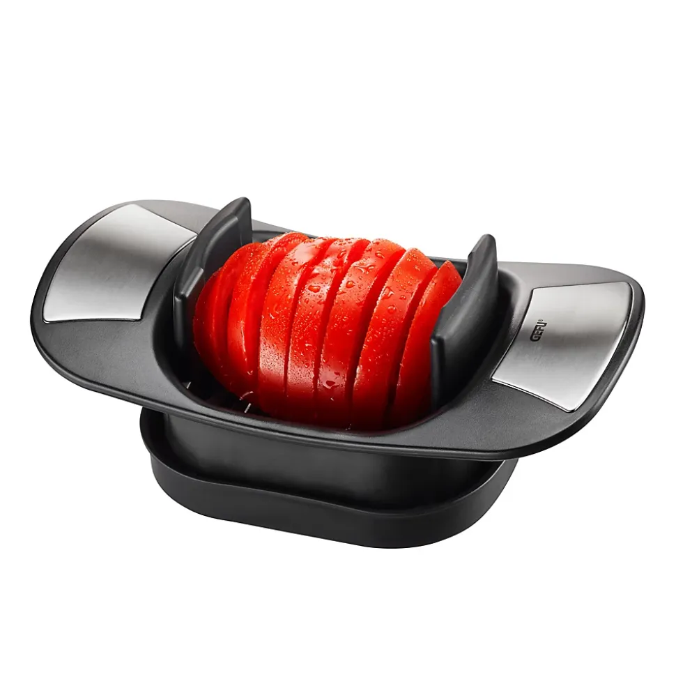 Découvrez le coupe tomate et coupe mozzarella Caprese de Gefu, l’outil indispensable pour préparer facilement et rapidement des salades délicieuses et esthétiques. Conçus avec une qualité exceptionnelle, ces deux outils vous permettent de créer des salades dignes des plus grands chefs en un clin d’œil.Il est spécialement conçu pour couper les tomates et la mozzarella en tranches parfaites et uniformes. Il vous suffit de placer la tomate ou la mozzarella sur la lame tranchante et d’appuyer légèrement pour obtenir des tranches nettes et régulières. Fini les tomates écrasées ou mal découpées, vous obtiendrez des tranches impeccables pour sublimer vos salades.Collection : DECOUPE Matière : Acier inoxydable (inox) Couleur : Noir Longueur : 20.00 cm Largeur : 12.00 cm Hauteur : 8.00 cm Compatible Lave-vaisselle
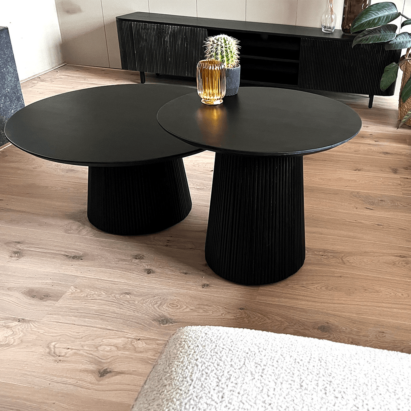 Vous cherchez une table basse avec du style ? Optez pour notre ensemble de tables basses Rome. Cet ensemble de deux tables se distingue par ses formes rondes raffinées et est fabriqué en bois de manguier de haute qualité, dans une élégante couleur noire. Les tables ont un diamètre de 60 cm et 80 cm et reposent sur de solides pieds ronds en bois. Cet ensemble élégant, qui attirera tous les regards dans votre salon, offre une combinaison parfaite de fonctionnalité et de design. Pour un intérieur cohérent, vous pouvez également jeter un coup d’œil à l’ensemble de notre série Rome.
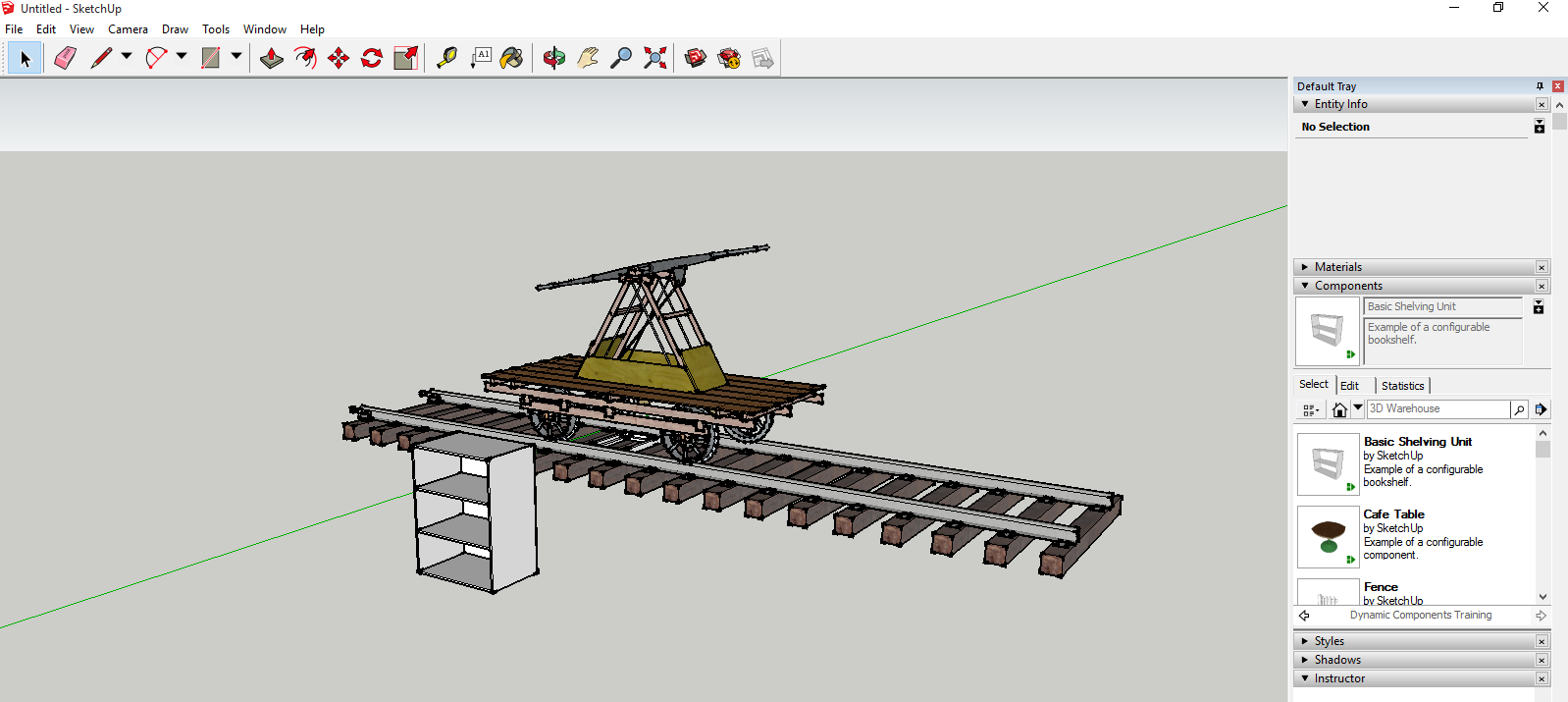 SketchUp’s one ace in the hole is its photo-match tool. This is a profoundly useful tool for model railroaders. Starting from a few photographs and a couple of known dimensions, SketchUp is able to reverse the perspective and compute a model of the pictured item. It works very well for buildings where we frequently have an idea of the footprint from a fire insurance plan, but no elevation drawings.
--------------------
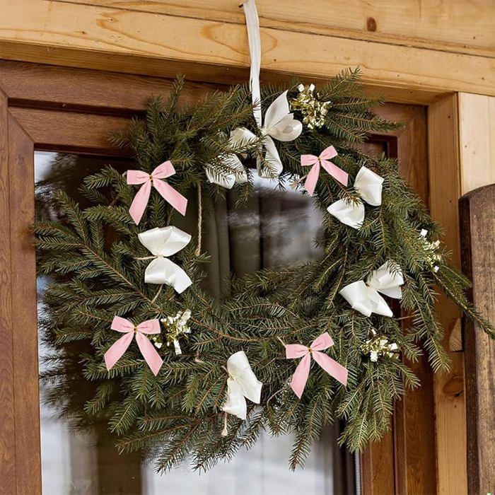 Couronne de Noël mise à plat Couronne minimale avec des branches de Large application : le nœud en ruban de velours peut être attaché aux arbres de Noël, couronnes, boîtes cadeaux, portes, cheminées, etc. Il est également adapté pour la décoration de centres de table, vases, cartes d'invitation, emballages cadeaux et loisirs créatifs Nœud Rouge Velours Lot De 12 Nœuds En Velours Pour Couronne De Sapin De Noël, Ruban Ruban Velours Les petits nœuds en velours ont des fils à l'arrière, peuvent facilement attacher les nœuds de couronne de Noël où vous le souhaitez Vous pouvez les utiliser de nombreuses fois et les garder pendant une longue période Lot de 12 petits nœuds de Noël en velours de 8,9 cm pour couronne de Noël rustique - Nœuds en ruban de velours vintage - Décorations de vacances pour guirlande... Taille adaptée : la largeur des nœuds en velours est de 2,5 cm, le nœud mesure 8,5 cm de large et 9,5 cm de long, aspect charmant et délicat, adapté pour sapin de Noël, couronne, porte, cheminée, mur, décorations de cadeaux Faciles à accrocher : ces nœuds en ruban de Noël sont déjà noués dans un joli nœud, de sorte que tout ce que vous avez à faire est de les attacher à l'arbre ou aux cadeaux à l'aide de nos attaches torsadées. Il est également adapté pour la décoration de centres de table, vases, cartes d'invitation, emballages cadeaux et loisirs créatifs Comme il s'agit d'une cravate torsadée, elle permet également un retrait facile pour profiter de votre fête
--------------------
Directions: The answer must be the part of the records that opens with the line containing "Vous cherchez une" and closes with the line containing "SketchUp’s one ace", reproduced exactly, with no pictures.

Solution for this problem:
 Vous cherchez une table basse avec du style ? Optez pour notre ensemble de tables basses Rome. Cet ensemble de deux tables se distingue par ses formes rondes raffinées et est fabriqué en bois de manguier de haute qualité, dans une élégante couleur noire. Les tables ont un diamètre de 60 cm et 80 cm et reposent sur de solides pieds ronds en bois. Cet ensemble élégant, qui attirera tous les regards dans votre salon, offre une combinaison parfaite de fonctionnalité et de design. Pour un intérieur cohérent, vous pouvez également jeter un coup d’œil à l’ensemble de notre série Rome.
 SketchUp’s one ace in the hole is its photo-match tool. This is a profoundly useful tool for model railroaders. Starting from a few photographs and a couple of known dimensions, SketchUp is able to reverse the perspective and compute a model of the pictured item. It works very well for buildings where we frequently have an idea of the footprint from a fire insurance plan, but no elevation drawings.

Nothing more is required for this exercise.